04. Formulas¶
Structure¶
Formulas have the following attributes:
- Name: A unique human-readable name
- Description: A description of what the formula does
- Variables Accepted: This is the list of variables needed for a formula to work. Variables have the following attributes:
- Name: A unique name (within the formula)
- Description: A description of how the variable fits into the formula
- Type: The type of data accepted.
- Value: The value that this variable is set to.
- Data Editable?: Whether data in cells generated by this formula is editable.
- Data Type: The data type of the column that applying this formula will result in.
Finding Formulas¶
In order to make finding the right formula easier, we should categorize formulas by the type of variable they accept.
- For example, if the user is trying to add a formula to a
DATE
column, we would only show them the formulas that accept theDATE
data type. - When the user starts by adding a formula column, we should provide an interface that helps users find the formula they want easier. We could provide an autocomplete interface based on formula name, categorize formulas based on type, and/or consider other options.
See below for a very rough representation of the idea.
Editing Formula Data¶
When a query is turned into a View, we will allow users to edit data from the View in some cases. Each formula that is editable will define its own editing behavior, but here are some general guidelines:
- Formulas that transform the original data don’t result in editable data.
- e.g. if we apply a “Extract Year” formula to a
DATE
column to transform, say,2020-01-03
into2020
, then the2020
will not be editable. - e.g. if we apply a “Count” formula to count the number of genres a movie has, we will not be able to edit the count.
- e.g. if we apply a “Extract Year” formula to a
- Formulas that directly represent the original data may be editable.
- e.g. if we apply a “List” formula to list the genres related to a given movie, we can add and remove genres to that list, which will create/delete records in the appropriate underlying tables.
- in the future, we may also support editing the genre names themselves.
Variable Types¶
To reduce repetition in the formula definitions, variable types are defined here and only the type name is referenced in the lists of formulas.

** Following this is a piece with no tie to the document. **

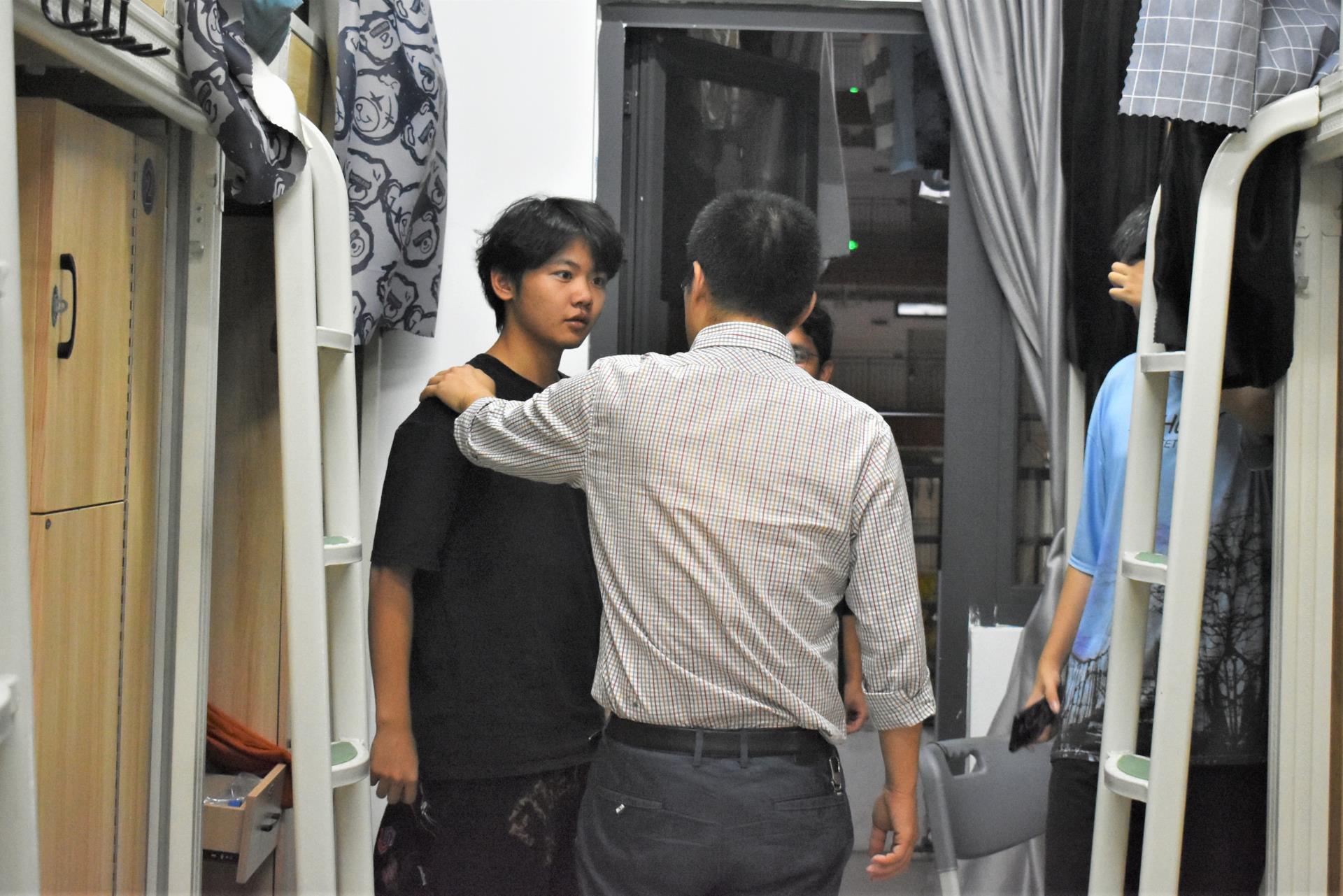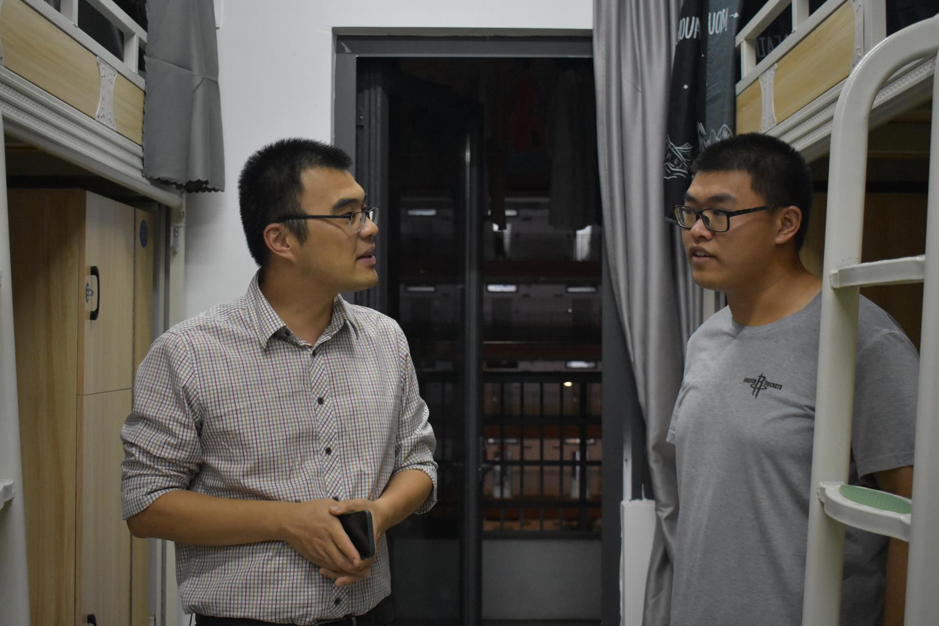 走访中,黄林毅书记和同学们进行交谈,关切地询问同学们的思想、学习、生活状况,叮嘱大家要严格遵守学院疫情防控要求和校规校纪,提高疫情防控责任意识,做好个人防护,养成良好的生活作息习惯。交谈中黄林毅书记强调同学们要在意识上重视宿舍环境卫生,定期做好打扫、通风、消毒工作。并叮嘱同学们要团结、互助,注意安全用电,增强宿舍财物保护等安全意识。

Single Record Column Reference¶
A column which has only one record related to the query’s reference point. This could be a column in the query, a column from the query’s base table, or a column that the base table has an FK relationship to (up to three levels deep).
If there are multiple ways to get to the column (i.e. there are multiple relationships between the query’s base table and the column), then the column reference should also include the relationship to use.
Multiple Record Column Reference¶
A column which has multiple records related to the query’s reference point, This is generally a column that has a reverse FK relationship (up to three levels deep) to the query’s base table.
If there are multiple ways to get to the column (i.e. there are multiple relationships between the query’s base table and the column), then the column reference should also include the relationship to use.
Column references to multiple related records also accept input filters, in case the query only needs to use a subset of the related records.
Query Column Reference¶
A Single Record Column Reference that’s a column in the same query.
Filters¶
A set of filters that can be applied to a column.
Single Record Text-Like¶
Either a Single Record Column Reference or a literal string.
If using a column reference, it can be of any data type but the data in the column will be treated like text.
Multiple Record Text-Like¶
A Multiple Record Column Reference. The column can be of any data type but the data in the column will be treated like text.
Single Record Number-Like¶
Either a Single Record Column Reference or a literal number.
If using a column reference, the data type must be representable as a number (e.g. Number, Money, Duration UI types).
Multiple Record Number-Like¶
A Multiple Record Column Reference. The data type of the column must be representable as a number (e.g. Number, Money, Duration UI types).
Single Record Boolean-Like¶
Either a Single Record Column Reference of data type boolean or a literal boolean.
Single Record Date-Like¶
Either a Single Record Column Reference of data type date or a literal date.
Single Record Datetime-Like¶
Either a Single Record Column Reference of data type datetime or a literal datetime.
Single Record Time-Like¶
Either a Single Record Column Reference of data type time or a literal time.
Single Record Date or Time-Like¶
Either a Single Record Column Reference of data type date/datetime/time or a literal of one of the same types.
Single Record Duration-Like¶
Either a Single Record Column Reference of data type duration or a literal duration.
Single Record List-Like¶
Either a Single Record Column Reference of data type list or a literal list.
Integer¶
Either a Single Record Column Reference of data type integer or a literal integer.
Choice¶
A selection from a pre-determined list of choices.
Regular Expression¶
Literal text expressing a regular expression.
List of Formulas¶
This is a list of view formulas that we should support in the alpha release of Mathesar, categorized into types.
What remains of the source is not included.